The ‘future of work’ is a phrase often bandied about in media, in articles and blogs. Frankly though, none of us really has an accurate idea of what the future of work will look like. Despite this uncertainty, we should try to prepare ourselves for what we are likely to encounter.

Artificial intelligence, automation, virtual workspaces and a gig workforce are just some of the trends that will probably impact the working world of the future. In an increasingly globalised and digital world, what skills will you need to survive?

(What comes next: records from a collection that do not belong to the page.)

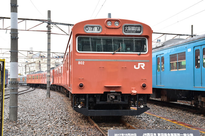 2017(平成29)年10月28日、JR西日本で「吹田総合車両所一般公開2017〜お客様・地球に愛される、吹田総合車両所〜」が開催されました。今回の目玉は、103系が3色そろい踏み。先日引退した大阪環状線の103系LA4編成のほか、阪和線で活躍したHK606編成(先頭車のみ)・奈良線のNS618編成が並べられています。このほか、12系「あすか」や24系「トワイライトエクスプレス」、201系と323系の並びなど、様々な車両が展示されています。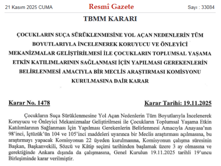 ANKARA (İGFA) – Türkiye Büyük Millet Meclisi (TBMM), çocuk suçluluğuna karşı önemli bir adım attı. Anayasa’nın 98’inci ve TBMM İçtüzüğü’nün 104-105’inci maddeleri uyarınca, çocukların suça sürüklenmesine neden olan faktörlerin tüm boyutlarıyla araştırılması, önleyici mekanizmaların oluşturulması ve çocukların toplumsal yaşama etkin entegrasyonunun sağlanması amacıyla Meclis Araştırma Komisyonu kurulmasına dair karar, bugünkü Resmi Gazete’de yayımlandı.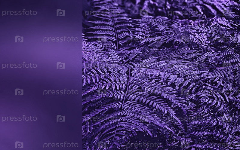 Ультрафиолетовые листья папоротника крупным планом с копировальным пространством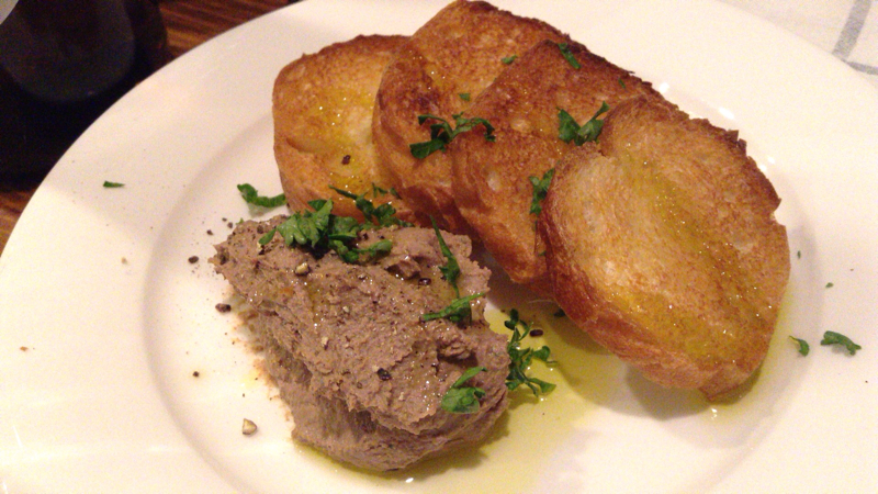 レバパテはしっかりした味。胡椒が効いていて、ワインによく合う。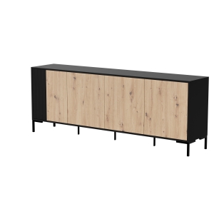 Komoda Czarna MERCI 4D to elegancki mebel, który łączy nowoczesną formę z naturalnym akcentem drewna. Szeroka bryła osadzona na metalowych nóżkach prezentuje się lekko i harmonijnie w przestrzeni. To ponadczasowa czarna komoda, zaprojektowana do stylowych wnętrz.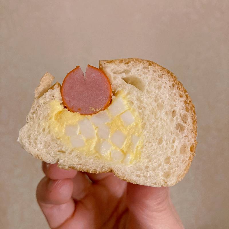 若干しわが寄ってスカーフェイスのようになってしまいましたが…ふんわりとしていて少し甘味があるコッペパンに、懐かしの赤ウインナーとたまごサラダの懐かしくてやさしい味に、目からも味覚からも癒されます。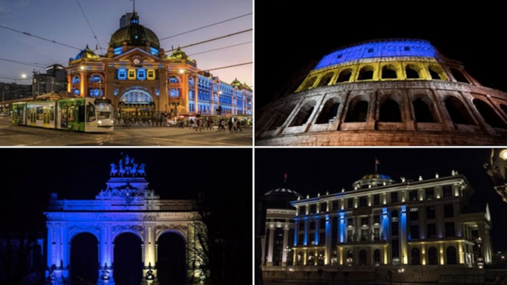 রুশ-ইউক্রেন যুদ্ধের এক বছর পূর্ণ হলো। এ যুদ্ধে ইউক্রেনের প্রতি সংহতি প্রকাশ করে বিশ্বের নানা স্থাপনায় জ্বালানো হয়েছে দেশটির জাতীয় পতাকার রঙের আলো। খবর ইউরো নিউজের।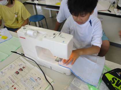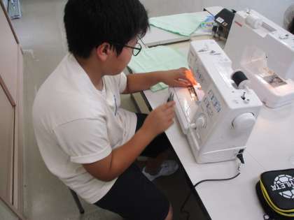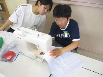 クッションをつくりはじめました。 ミシンで縫い合わせています。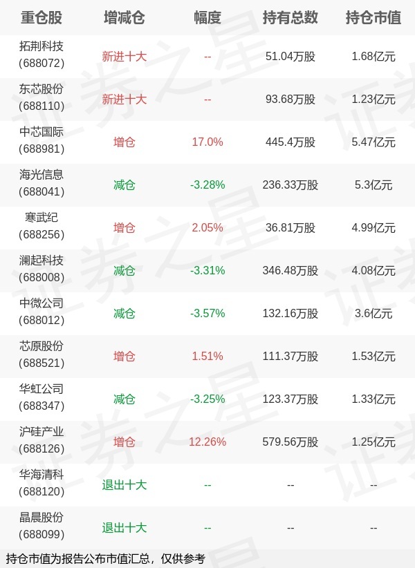 证券之星消息,1月22日汇添富基金旗下孙浩管理的汇添富上证科创板芯片交易型开放式指数基金公布年报,近1年净值增长率88.16%。与上一季度相比,该基金前十大重仓股新增拓荆科技,东芯股份;并对中芯国际增仓64.72万股,为该基金第一大重仓股;华海清科,晶晨股份等退出前十大重仓股;详细数据如下: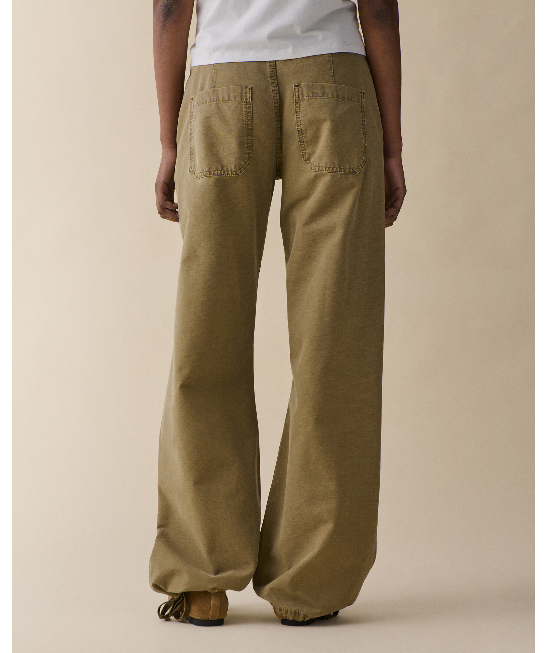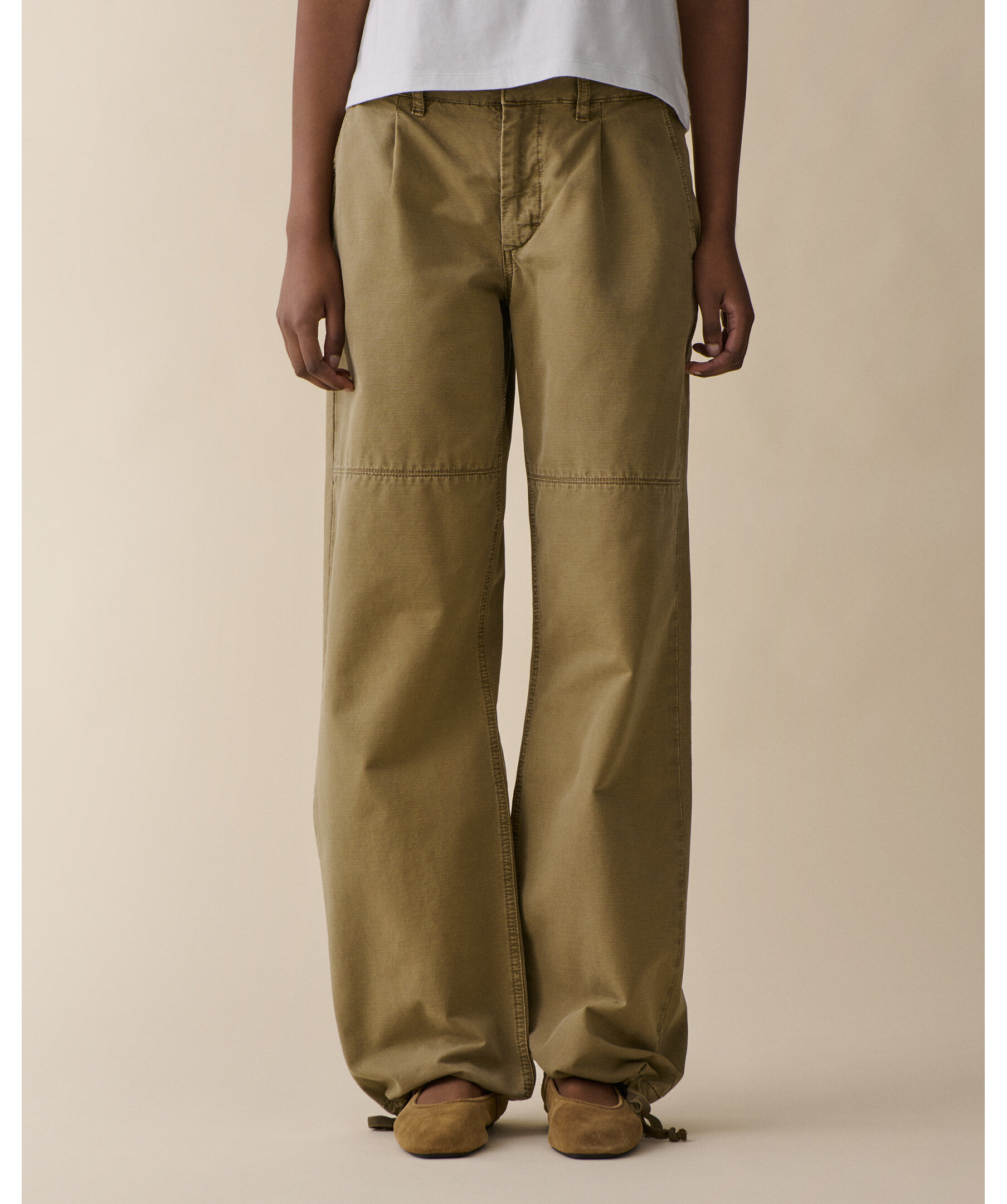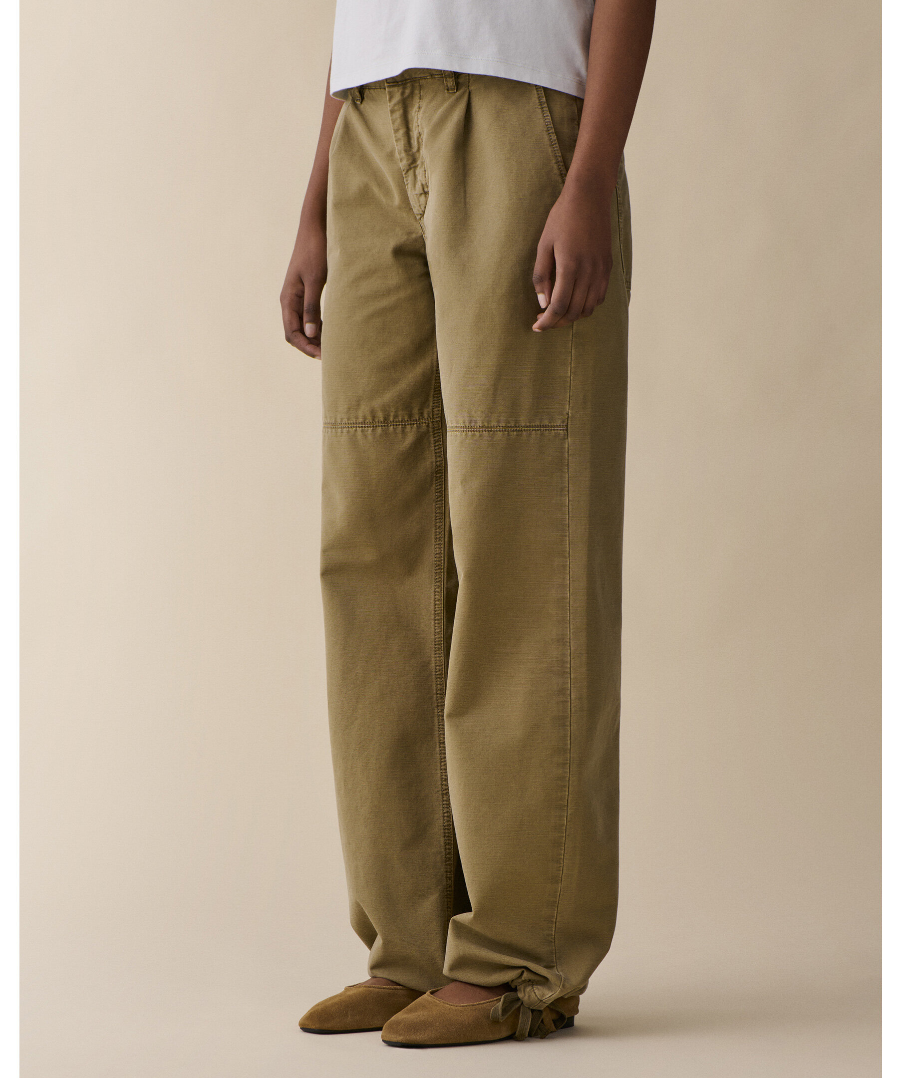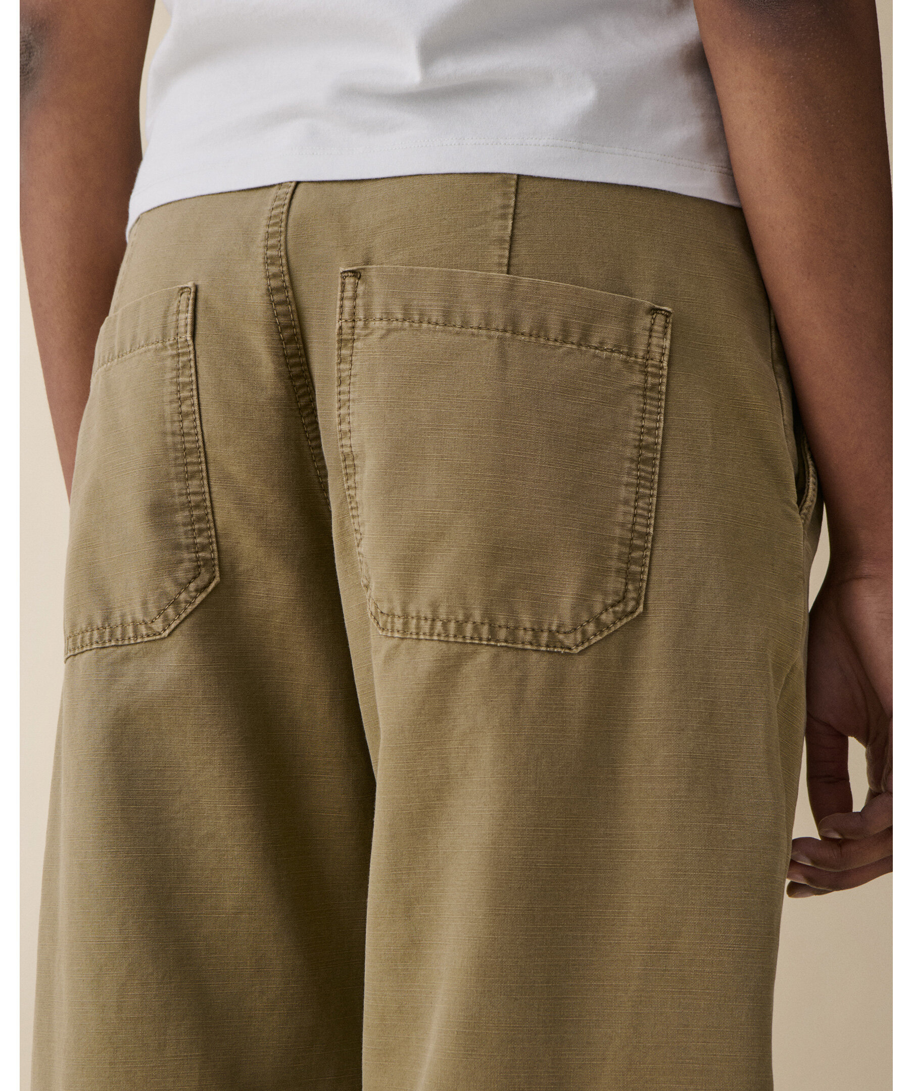 Lösa byxor från Jeanerica i khaki-beige bomull med low-rise midja, veck i midjan och dragkedja fram. Shortsens struktur och avslappnade silhuett ger en chic, casual look perfekt för säsongens outfits.

In our recent research, The Workforce View in Europe 2017, we explored the skills employees feel like they need both now and in ten years’ time to see what training workers are most concerned about having, in preparation for the future of work.

Skills for today

At the moment, the skills that employees are focussed on are fairly traditional. Language skills, job specific skills, industry knowledge, and finance and budgeting are among the top 10 skills employees think are important. We do see an emphasis placed on technology, with advanced IT skills and new technology and devices taking the second and third place, respectively.

Upskilling needs

Fast forward ten years, and we can see the ‘man vs machine’ scenario become even more of a concern to employees. IT skills are now top of the list. Whilst language, job-specific and interpersonal skills are still considered important in a working world predicted to be even more global, we also see entrepreneurial skills becoming a core part of the skill set employees think they will need. Employees believe that self-motivation, productivity, creativity and self-management are going to be essential in the job market. This reflects the rise in the so-called gig economy, with growing number of workers deciding to go freelance or become self-employed, as traditional careers may become less common in the future.

What should employers do?

In a rapidly changing world, regular reviews of the training you offer will be key to building a workforce that can keep up with the times. Although job specific skills shouldn’t be discounted, technology, languages and interpersonal skills are going to be just as important. And whilst ‘entrepreneurial’ skills may not seem like a priority right now, encouraging employees in these areas will benefit productivity levels and innovation in the long run.

The most important action you can take is to listen to your employee’s needs. Some organisations, such as Aviva have promised to retrain their workers if they think a robot can do their job better than them – and this is something we could all take learnings from. We shouldn’t let fear of the future of work damage workforce morale and engagement, instead we should ensure we are arming our workforce with the skills they believe they need for the ‘future of work’.